This is a detailed, but only introductory, answer for those interested in a thorough study of Mormon doctrine. If you're just looking for a basic answer to "How are we saved?" I recommend Confutus' answer or some articles on Mormon.org.

In LDS theology, being saved is an ambiguous term. In the general sense, we are all saved through Christ's Atonement (His suffering, death, and resurrection). Everyone, even the wicked, will be resurrected so they can be brought back into the presence of God to be judged. Amulek explains this in the Book of Mormon, in Alma 11:40-41 (read through 45):

40 And he shall come into the world to redeem his people; and he shall take upon him the transgressions of those who believe on his name; and these are they that shall have eternal life, and salvation cometh to none else.
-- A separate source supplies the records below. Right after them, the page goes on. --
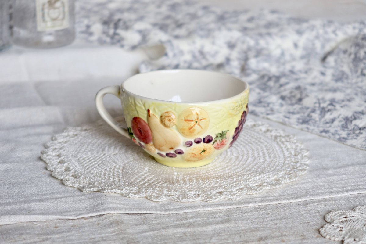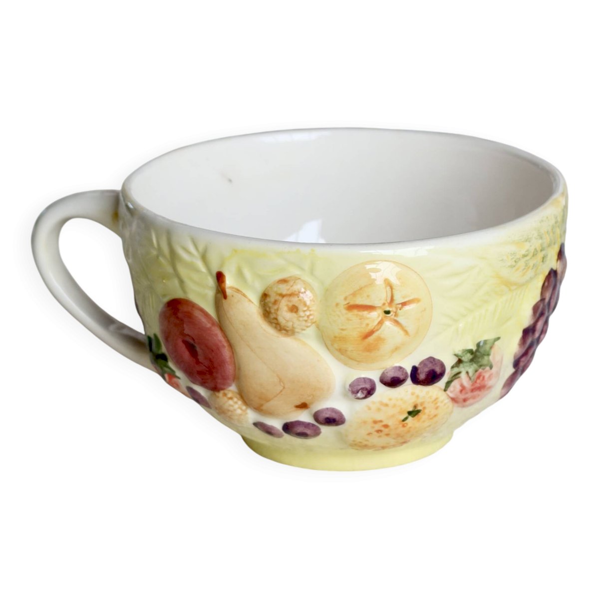 Large earthenware mug in the barbotine style, featuring a relief decoration of fruits on a pale yellow background and a white interior.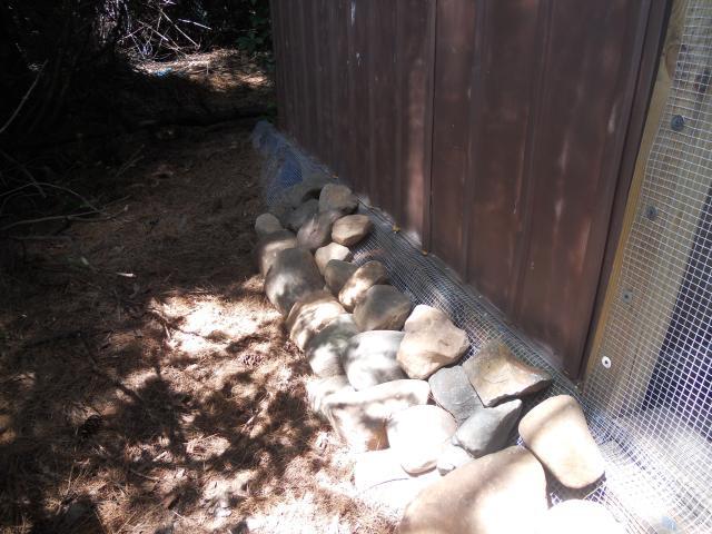 I layed 18" of hardware wire flat, all around the outside & covered it with 3" of DG (decomposed granite).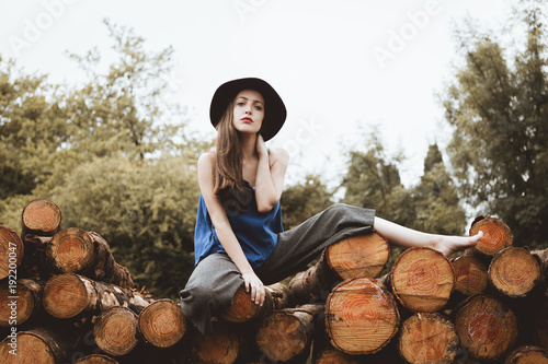 Sensual stylish woman on log pile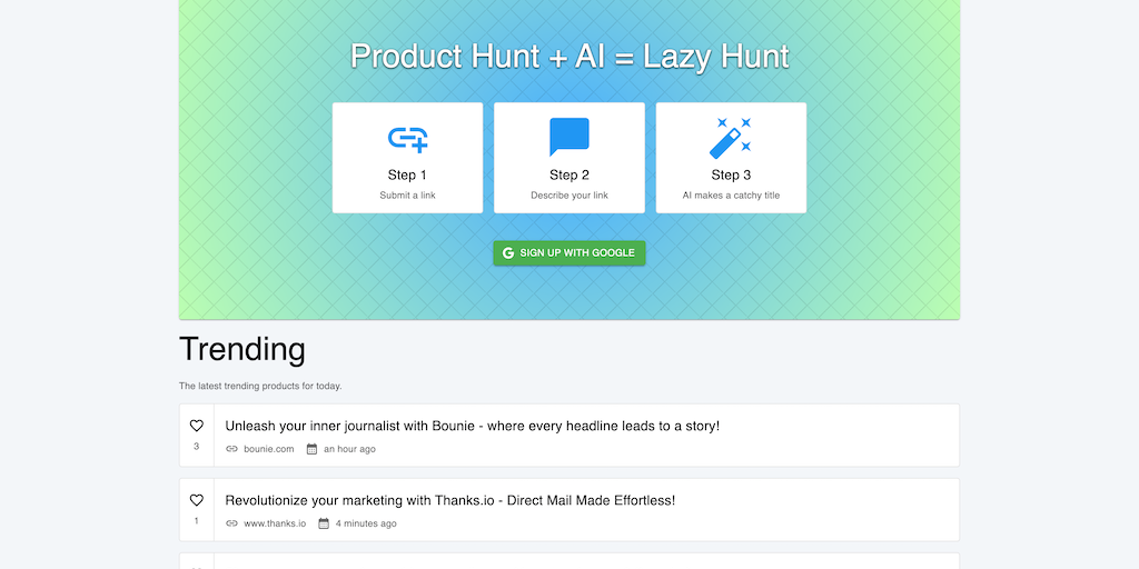 Similar to Product Hunt, except the branding for your product is created using AI. This is what makes Lazy Hunt "Lazy" as you just have to simply submit your link and AI will do the rest. It ends up b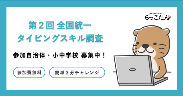 自治体向けサービスを開発する株式会社ミラボ(本社:東京都千代田区、代表取締役:谷川一也、以下「ミラボ」)と、情報モラル教育・プログラミング教育を手がける株式会社教育ネット(本社:神奈川県横浜市、代表取締役:大笹いづみ、以下「教育ネット」)は、2022年12月1日より 共同開発したクラウド型デジタルAI教材「らっこたん」を使用した「第2回全国統一タイピングスキル調査」の無料参加自治体・小中学校の募集を開始いたしました。

41 Therefore the wicked remain as though there had been no redemption made, except it be the loosing of the bands of death; for behold, the day cometh that all shall rise from the dead and stand before God, and be judged according to their works.

Here, there is clearly a distinction between the group that is resurrected (everyone), and the group that obtains eternal life (those who believe on His name).

The resurrection - being saved from the bands of death - is made possible because of Christ's resurrection and it is by His power that we are redeemed from the grave, as explained in D&C 88:14-17:

14 Now, verily I say unto you, that through the redemption which is made for you is brought to pass the resurrection from the dead.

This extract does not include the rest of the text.